Overall, about 20 percent of teachers hold second jobs during a normal school year, accounting for roughly 9 percent of their annual income.
“A Starting Point”
Ashlee Curtis, now in her third year as a high school teacher at El Dorado High School in El Dorado, Arkansas, has relied on her coaching position to supplement her income. Second, even third incomes, for educators are commonplace in El Dorado, a small town in the southern part of the state.
“Everybody in my hallway at school has at least one other job," said Curtis, who is also president of the El Dorado Education Association. "The turnover rate is very high. We have the lowest salaries in the state and haven’t had an increase in many years.”
That is until April 14, when Curtis and Carol Fleming, president of the Arkansas Education Association joined Governor Asa Hutchison to witness the signing of two bills into law that will lift the median salaries for teachers in the state from $49,822 to $51,822 for the 2021-2022 and 2022-2023 school years.
The median salary in Curtis’ district is only $46,000, so she and her colleagues will receive a larger spike in pay to meet the new median threshold.
The legislation sets aside $25 million for districts that are below the new median teacher salary.
“It’s just a starting point to getting educators where they need to be but it’s huge,” said Curtis. “This could be the difference that help educators focus exclusively on their classrooms instead of working additional jobs. We all do the most of our students but getting paid more will allow us to channel all our energy toward them.”
Curtis added this will help schools in the state get and keep great educators.
The new law couldn't have happened without educator advocacy. The Arkansas Education Association worked tirelessly with legislative leaders and the governor’s office to shape the new legislation. “AEA fought non-stop to get this bill passed,” says Curtis.
It’s this level of mobilization by educators and their allies that can help the nation chart a different course than the devastating austerity agenda that gutted school budgets across the country more than decade ago.
“What we don’t know is what will happen in the 2020-21 school year and beyond because the COVID-19 pandemic has completely changed public education,” said Pringle. “We are still in a funding hole that was dug decades ago. The country cannot afford to take its foot off the pedal of progress.”

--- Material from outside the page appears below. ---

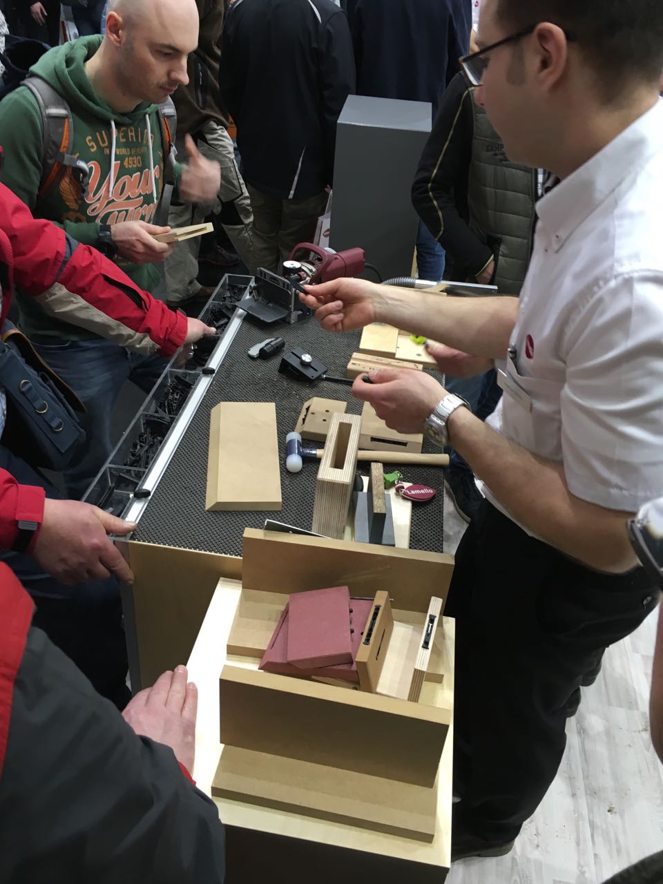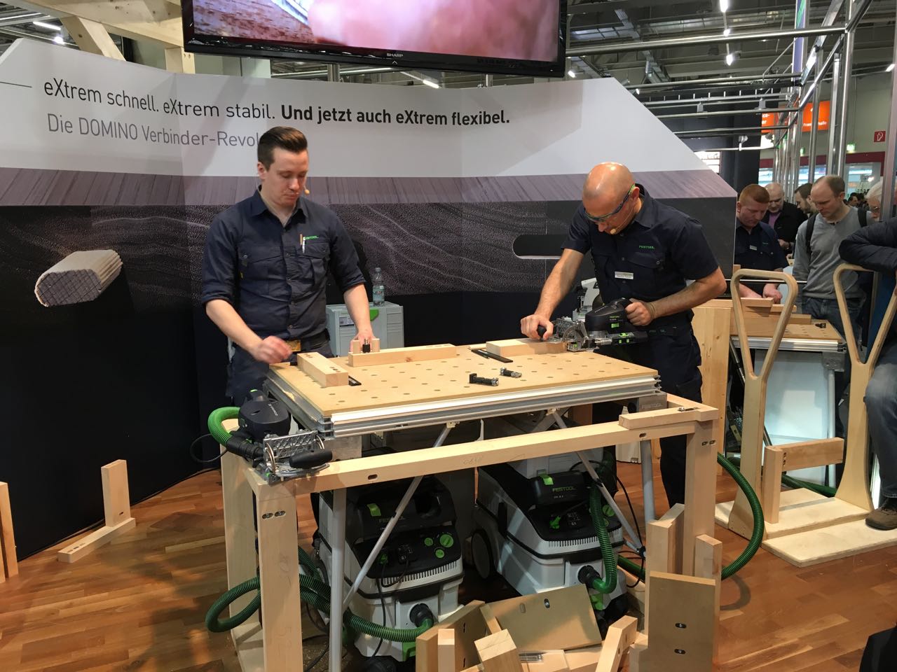 Erstes Highlight war der Stand von Festool. Dort wurden die neuen lösbaren Domino-Verbinder für die bekannte Domino-Fräse vorgestellt. Leider braucht es dazu die Domino-XL Fräse, mit der normalen Domino-Fräse wie ich sie habe geht es leider nicht. Die Zielgruppe sind stabile Verbindungen für hoch belastete Teile wie z.B. Bett- oder Tischgestelle.

Additional Highlights from NEA's Reports:
- The average top salary for teachers is $75,913. Though a maximum salary of at least $100,000 is available in nearly 1,200 school districts, nearly 2,100 districts still offer a top salary that is less than $60,000, even for teachers with doctorates.
- U.S. public schools employed 3,214,673 teachers in 2019-20. The number of classroom teachers is not expected to change significantly from 2019-20 to 2020-21.
- In fall 2019, U.S. public schools enrolled 50,189,401 students, a decrease of 0.1 percent from fall 2018. Public school enrollment decreased by an estimated 2.4 percent from 2019-20.
- The national average per-student expenditure in 2019-20 based on fall enrollment was $13,597, a gain of 4.0 percent from $13,078 in 2018-19.